An estimated 4,000 people develop primary amyloidosis in the U.S. each year, a rare disease that has seen a recent surge in treatment options [1.10.3]. So, what is the new drug for amyloidosis? The answer depends on the type, with several groundbreaking therapies approved in late 2023 and 2024 [1.3.1, 1.4.1].

Quick Summary

Recent advancements in pharmacology offer new hope for amyloidosis patients. This overview covers the latest FDA-approved drugs for both ATTR and AL amyloidosis, their mechanisms, and what they mean for managing this once-fatal disease.

Key Points

  • New ATTR-CM Drugs: The FDA recently approved acoramidis (November 2024) and expanded vutrisiran's use (March 2025) for ATTR amyloidosis with cardiomyopathy, a major cause of heart failure in patients [1.2.2, 1.4.1].

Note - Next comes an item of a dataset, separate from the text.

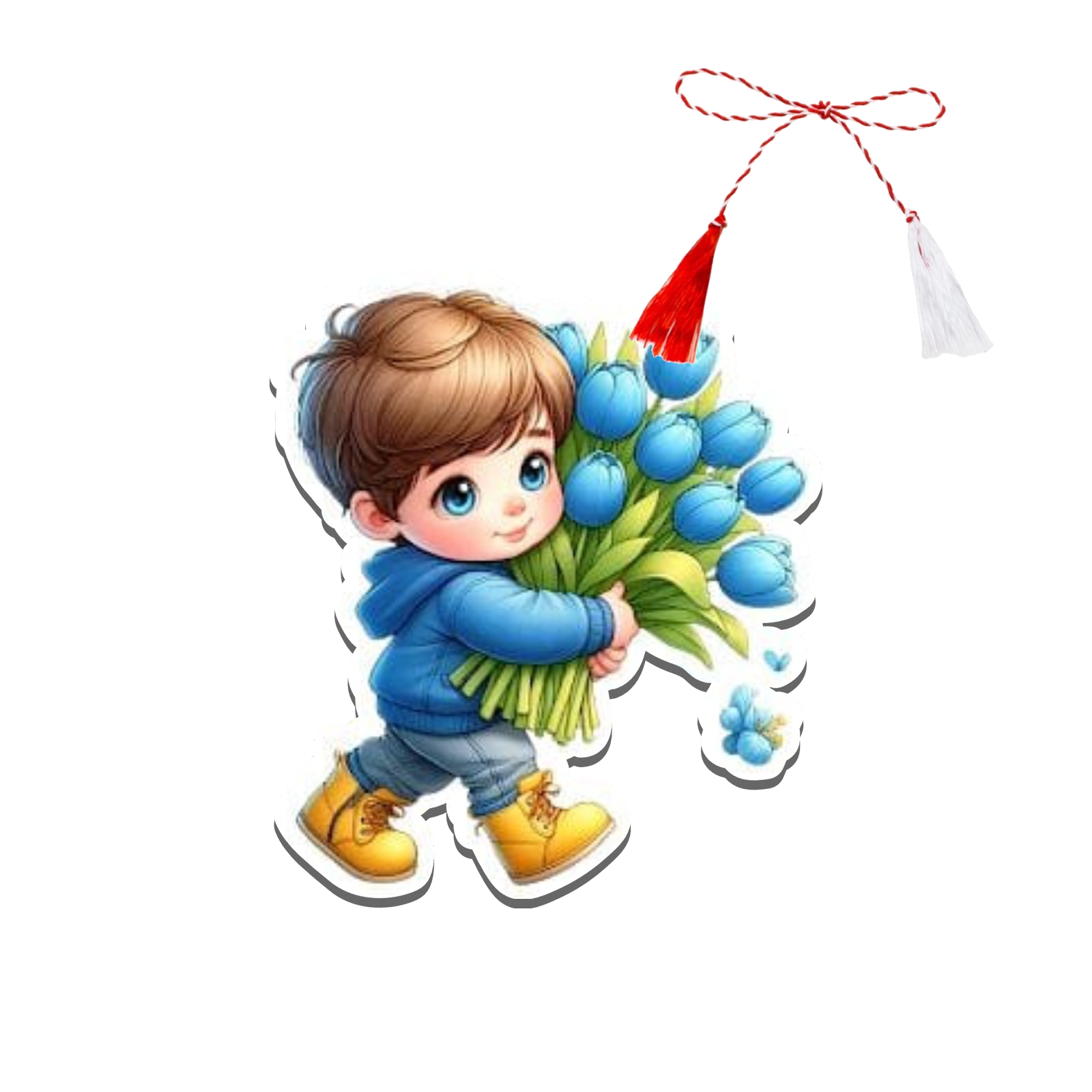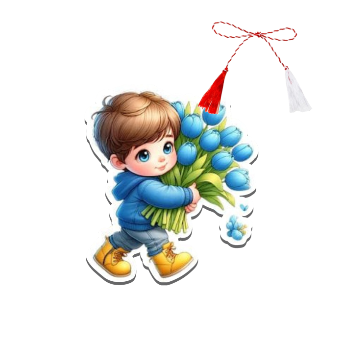 Martisor personalizat baiat cu lalele albastre

  • New hATTR-PN Drug: Eplontersen (Wainua) was approved in December 2023 as a self-administered monthly injection for the polyneuropathy of hereditary ATTR amyloidosis [1.3.1, 1.3.4].

  • Two Main Mechanisms: New ATTR drugs work either by 'silencing' the gene that produces the TTR protein (e.g., Wainua, Amvuttra) or by 'stabilizing' the protein to prevent misfolding (e.g., Acoramidis) [1.2.1, 1.3.2].

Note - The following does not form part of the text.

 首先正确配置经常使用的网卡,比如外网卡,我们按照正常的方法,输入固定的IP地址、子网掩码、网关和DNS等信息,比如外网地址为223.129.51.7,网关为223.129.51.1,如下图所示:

  • AL Amyloidosis Advance: The standard of care for newly diagnosed AL amyloidosis now includes daratumumab, an antibody that targets the underlying plasma cells causing the disease [1.7.1, 1.7.4].

  • Improved Patient Outcomes: These new therapies significantly slow disease progression, reduce hospitalizations, and improve quality of life, transforming amyloidosis into a manageable condition [1.2.1, 1.3.4].

  • Future Research: The next wave of treatments includes therapies to actively remove amyloid deposits from organs and gene-editing technologies to permanently reduce TTR protein production [1.2.1, 1.2.4].

In This Article

Amyloidosis is a group of rare, serious diseases caused by the buildup of abnormal proteins, called amyloid, in organs and tissues [1.10.3]. This protein deposition can disrupt the normal function of the heart, kidneys, nerves, and other organs [1.8.2]. For years, treatment was limited, but the therapeutic landscape has been revolutionized. Recent FDA approvals have introduced targeted therapies that are turning what was often a rapidly fatal diagnosis into a manageable, chronic condition [1.2.1]. The two most common forms are light-chain (AL) amyloidosis and transthyretin (ATTR) amyloidosis [1.10.1].

The New Wave of TTR Gene Silencers for ATTR Amyloidosis

Transthyretin (ATTR) amyloidosis occurs when a protein called transthyretin (TTR), produced by the liver, becomes unstable and misfolds [1.8.2]. A new class of drugs, known as TTR gene silencers, works by reducing the body's production of this protein. These include small interfering RNA (siRNA) and antisense oligonucleotide (ASO) therapies [1.5.1, 1.3.2].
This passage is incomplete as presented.